_WORK REQUIRED:_ Before writing anything, find the line that contains "С принятием на", then retype the entries below exactly from their first line through that one, without pictures.

⟨

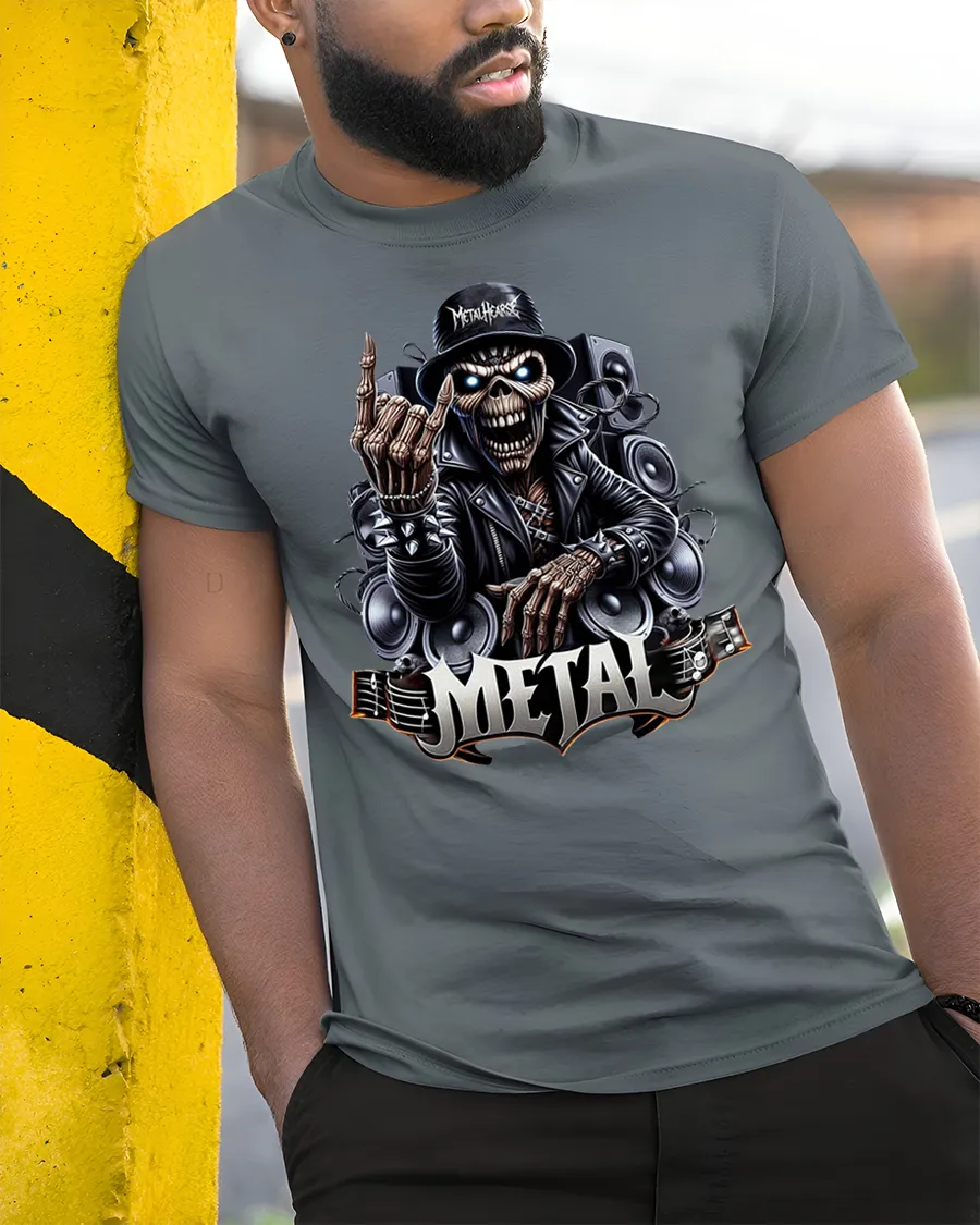 Heavy Metal Skeleton Rocker Graphic T Shirt celebrates the fearless energy and passion that define the metal music scene.
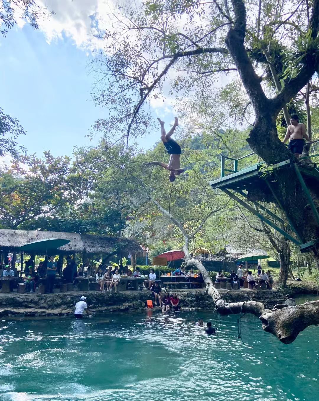 随后返回酒店收拾行礼,从琅勃拉邦站乘坐动车(二等坐)前往老挝户外天堂【万荣】,车程1小时后抵达万荣酒店办理入住。稍作休息后前往万荣【蓝色泻湖】,是游客必须打卡的地方,水质非常好,里面有许多鱼儿游弋。泻湖实在耀眼,世界各地游客争相到此,游客站在5米高树枝跳台上往下跳,是到这里游玩的主要项目,跳入蓝色的湖水中享受清凉,更可仰望帅哥穿越高空滑索;蓝色泻湖往上步行一百米便是【普坎溶洞】,是万荣负盛名的岩洞,巨大的溶洞神秘而又原生态;主洞里供奉着一尊青铜卧佛,在阳光照射在主洞室内呈现出丁达尔效应,备受外国游客的青睐。
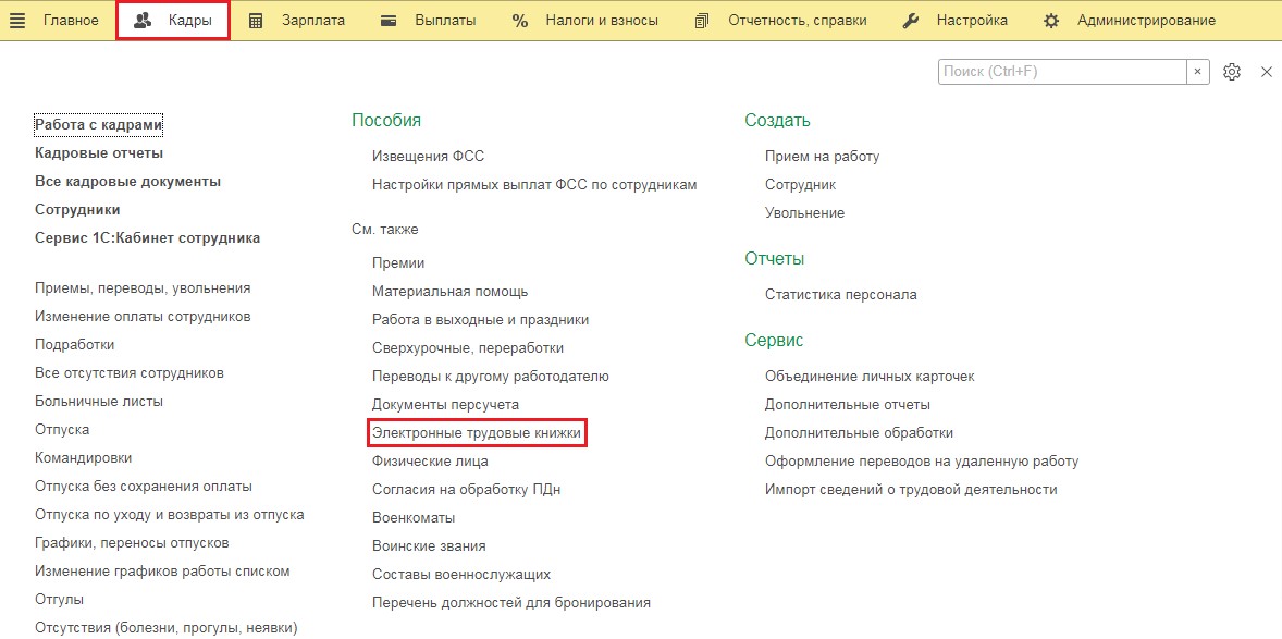 С принятием на работу нового сотрудника в данное подразделение создает отчет СЗВ-ТД, для чего откроем раздел «Кадры» и строку «Электронные трудовые книжки».
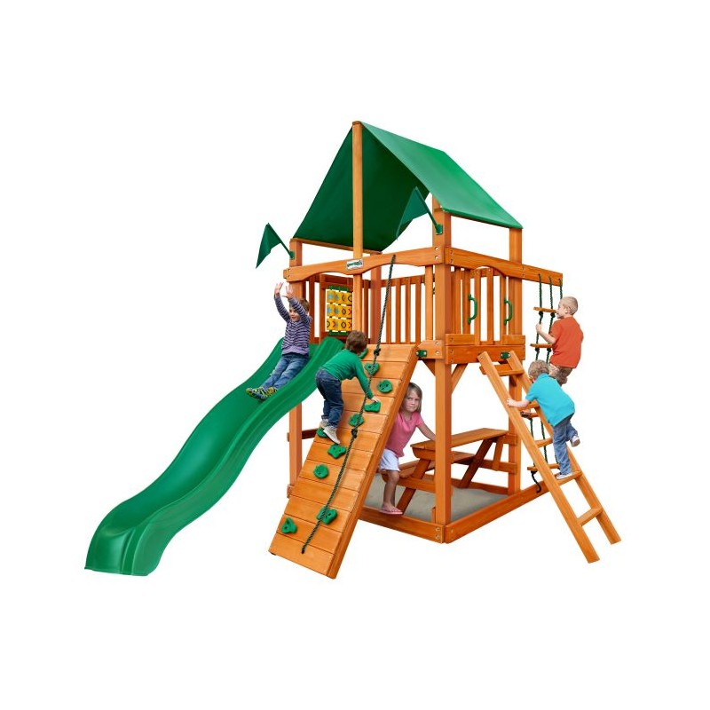 Panel and Rock Wall with Climbing Rope, which are sure to be a hit in any backyard! This premium cedar wood playset is pre-cut, pre-sanded, pre-stained and ready to assemble in your backyard. The play deck is protected with green vinyl canopy. The entire playset is finished in a beautiful amber stain. Gorilla Playsets’ cedar naturally resists rot, decay, and insect damage.
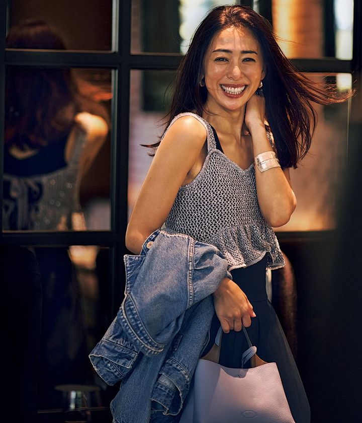 シルバーキャミソール¥14,960(FRAY I.D/FRAY I.D ルミネ新宿2店) 手に持ったデニムジャケット¥49,500(ニードバイヘリテージ/ゲストリスト) タンクトップ¥13,200(ティッカ) パンツ¥24,200(メゾンスペシャル/メゾンスペシャル 青山店) バッグ¥185,900(トッズ/トッズ・ジャパン) ピアス¥24,640〈バルブス〉 バングル¥29,700〈アドラル〉(ともにZUTTOHOLIC) リング¥33,000(プラウ)
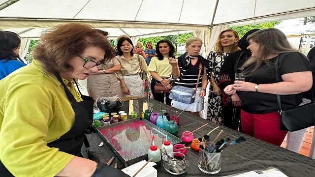 Belgrad Büyükelçisi Hami Aksoy'un eşi Canan Parmaksızoğlu Aksoy'un davetiyle büyükelçilik konutunda düzenlenen etkinlikte, ebru, hat, ağaç baskı gibi geleneksel sanatlar tanıtıldı.
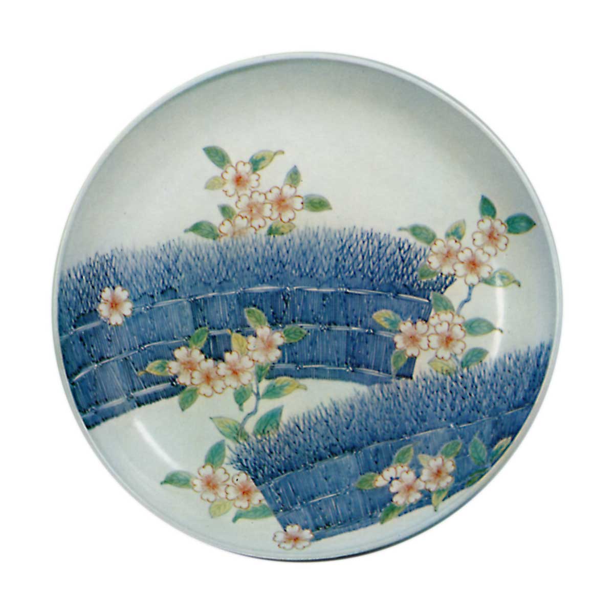 锅岛色绘柴垣纹盘 日本锅岛彩绘樱花柴垣纹盘 2025.10.04 锅岛彩绘樱花柴垣纹盘 锅岛彩绘蔦柴垣纹盘 尺盘中,存在器形边缘锐利内卷的款式。这两件作品正是此类风格的代表作,其纹饰均以粗犷的柴垣为基底,分别绘有樱花与藤蔓图案。底纹方面:樱柴垣纹盘在三面饰以牡丹唐草纹,高台处环绕着复瓣花纹;藤蔓柴垣纹盘底纹与前者相同,但高台处饰有七宝衔接纹。
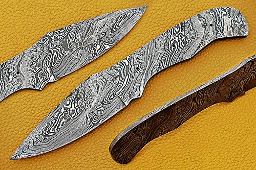 Knife Making Supplies Damascus Steel Blank Blade 9 inches Long Hand Forged Skinning Knife Blade, Drop Point Blade Pocket Knife with 3 Pin Hole, 4 inches Cutting Edge, 4.5" Scale Space
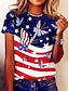 Unabhängigkeitstag Patriotisches Damen T-Shirt Grafik Flagge Stern Vintage Stilvoll Klassisch Kurzarm Crew Neck Reguläre Tops Täglich Wochenende Strandmode Druck Blau Sommer Frühling
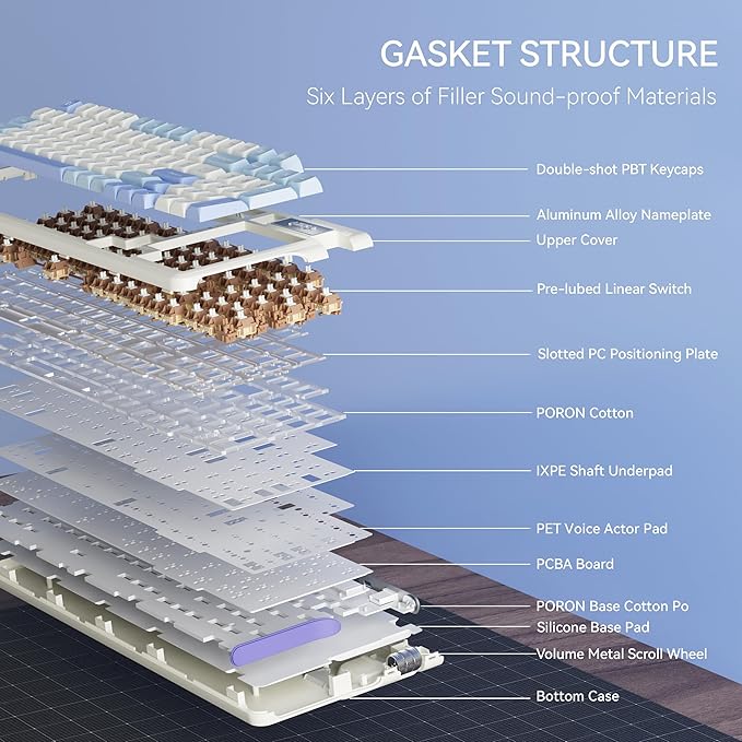 - INNOVATIVE GASKET STRUCTURE: Adopt a gasket mount with six layers of sound deadening layers and stabilizers to better reduce the hollow sound and optimize stability, provide a solid and clean sound keystroke like creamy or thocky keyboard sound. Full-key anti-ghosting which simultaneous operation without conflict and quick response, allow you to play gaming without hindrance.
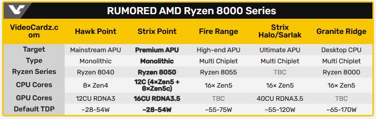 至于大家关心的桌面版 Ryzen 8000 系列APU,目前有消息说不是混合架构,全是完整的ZEN 5 大核心,最高16核心,也集成RDNA3.5 核显,但拥有更多的40个CU单元,核显性能会相当可观。

⟩

_TASK SOLUTION:_
 Heavy Metal Skeleton Rocker Graphic T Shirt celebrates the fearless energy and passion that define the metal music scene.
 随后返回酒店收拾行礼,从琅勃拉邦站乘坐动车(二等坐)前往老挝户外天堂【万荣】,车程1小时后抵达万荣酒店办理入住。稍作休息后前往万荣【蓝色泻湖】,是游客必须打卡的地方,水质非常好,里面有许多鱼儿游弋。泻湖实在耀眼,世界各地游客争相到此,游客站在5米高树枝跳台上往下跳,是到这里游玩的主要项目,跳入蓝色的湖水中享受清凉,更可仰望帅哥穿越高空滑索;蓝色泻湖往上步行一百米便是【普坎溶洞】,是万荣负盛名的岩洞,巨大的溶洞神秘而又原生态;主洞里供奉着一尊青铜卧佛,在阳光照射在主洞室内呈现出丁达尔效应,备受外国游客的青睐。
 С принятием на работу нового сотрудника в данное подразделение создает отчет СЗВ-ТД, для чего откроем раздел «Кадры» и строку «Электронные трудовые книжки».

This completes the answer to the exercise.